Keir Starmer’s jobs plan won’t work because Labour are ducking tough welfare decisions, Tories claim – UK politics live | Politics


Good morning. Today the government is unveiling what it is calling, in the headline on its overnight press release, the “biggest employment reforms in a generation”. The reforms are intended to tackle the fact that Britain is the only major economy where the employment rate has fallen over the last five years, largely because more people are out of work due to long-term ill health. A white paper called Get Britain Working is being published later, and Liz Kendall, the work and pensions secretary, is due to make a statement in the Commons later.

In its overnight briefing, the Department for Work and Pensions has already flagged up numerous initiatives which are in the white paper. Overall, the focus seems to be more carrot than stick. “Our reforms put an end to the culture of blaming and shaming people who for too long haven’t been getting the support they need to get back to work,” Keir Starmer says. But quite a lot of key decisions have been postponed, and at this point it is hard to assess quite how significant, or effective, these meaures will turn out to be. The history of welfare reform is littered with announcements that don’t quite live up to “biggest in a generation” hype.

This is how Starmer sums up what is government is doing.

From the broken NHS, flatlining economy, and the millions of people left unemployed and trapped in an inactivity spiral – this government inherited a country that simply isn’t working. But today we’ve set out a plan to fix this. A plan that tackles the biggest drivers of unemployment and inactivity and gives young people their future back through real, meaningful change instead of empty rhetoric and sticking plaster politics.

We’re overhauling jobcentres to make them fit for the modern age. We’re giving young people the skills and opportunities they need to prepare them for the jobs of the future. We’re fixing the NHS so people get the treatment and mental health support they desperately need to be able to get back to work. We’re working with businesses and employers to better support people with disabilities and health conditions to stay and progress in work, and it doesn’t stop there.

Our reforms put an end to the culture of blaming and shaming people who for too long haven’t been getting the support they need to get back to work. Helping people into decent, well-paid jobs and giving our children and young people the best start in life – that’s our plan to put more money in people’s pockets, unlock growth and make people better off.

The Conservatives say the plans won’t work because the government is ducking tough decisions. This is what Helen Whately, the shadow work and pensions secretary, said overnight.

This latest announcement shows that Labour are not prepared to take the tough but necessary choices to bring down the benefits bill.

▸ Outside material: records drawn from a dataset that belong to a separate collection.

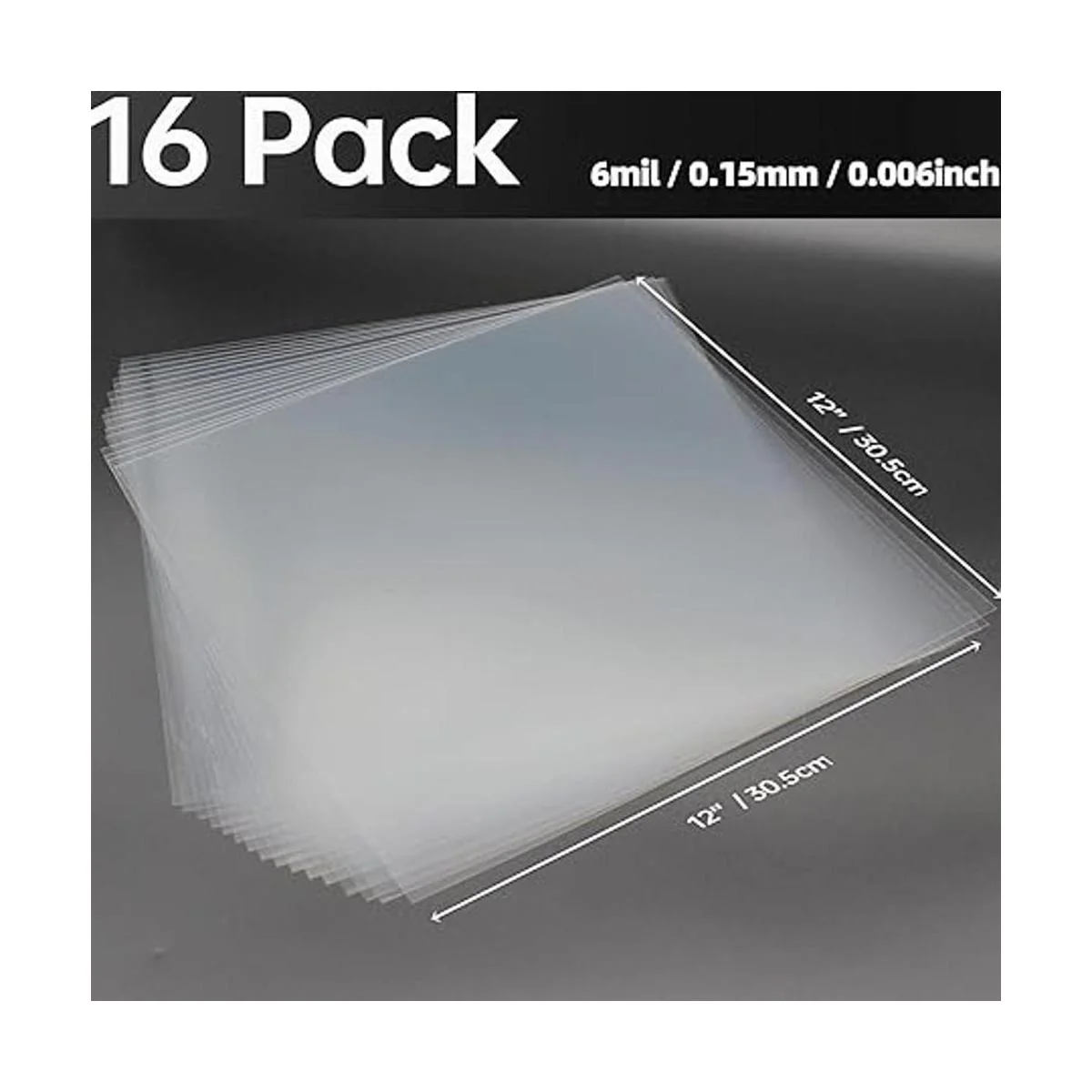 16 hojas de plantillas de Mylar en blanco de 6 mil, hojas de plástico transparente de 12 x 12 pulgadas, hojas de acetato transparente para manualidades Cricut, hojas de plástico transparente para manualidades y máquinas de corte 6 mil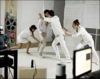 Dans la pièce, les acteurs prendront chacun en charge une partition, c’est-à -dire un parcours autonome, inspiré par les Å“uvres des photographes. Ces partitions sont comme des droites parallèles, indépendantes. Construite à partir d’improvisations, chaque partition se base sur les procédés de représentation utilisés par le photographe plutôt que sur ses galeries d’images. Elles fonctionnent ensemble par contrepoint, unisson, échos, répétitions…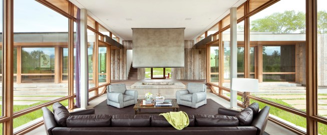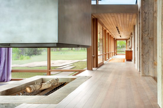 The 3,600 square foot structure sits on a 30” tall porous plinth raising the finish floors well above the flood line, allowing rising waters to pass around and under the foundation. A covered walkway on the western side of the property adds to width of the wood-clad structure to evoke the scale and language of a frontier town. Within the open plan, a hanging orb fireplace anchors the two wings and provides a focal point, for the entry on one side, and the living/dining area on the other.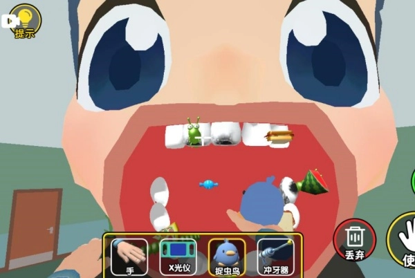 3、这里可以使用捉虫鸟来吃掉牙齿上面的蛀虫,然后再去进行后续新的治疗。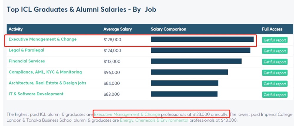 在帝国理工学院的毕业生中薪水最高的专业也是行政管理,年薪为$128,000。

There is no attempt to match the £12bn in welfare savings we promised in our manifesto. They have even dodged the difficult decisions on sickness benefits, which are needed to make the welfare system sustainable in the long term.

To get people off benefits you also need jobs for them to go to. But Labour’s disastrous anti-growth budget is already making businesses think twice about taking people on.

Here is Pippa Crerar’s overnight story.

I will be posting a lot more reaction and analysis as the day goes on. But here is a full list of what is coming up today.

9.30am: Keir Starmer chair cabinet.

10.30am: The supreme court begins a two-day hearing on a legal case brought by For Women Scotland who are arguing that trans women should not be regarded female for the purposes of the 2010 Equality Act.

11.30am: David Lammy, the foreign secretary, takes questions in the Commons.

11.30am: Downing Street holds a lobby briefing.

After 12.30pm: Liz Kendall, the work and pensions secretary, is expected to make a Commons statement about the Get Britain Working white paper.

After 1.30pm: MPs debate the tobacco and vapes bill, which would over time ban smoking by gradually raising the age at which people can legally buy cigarettes.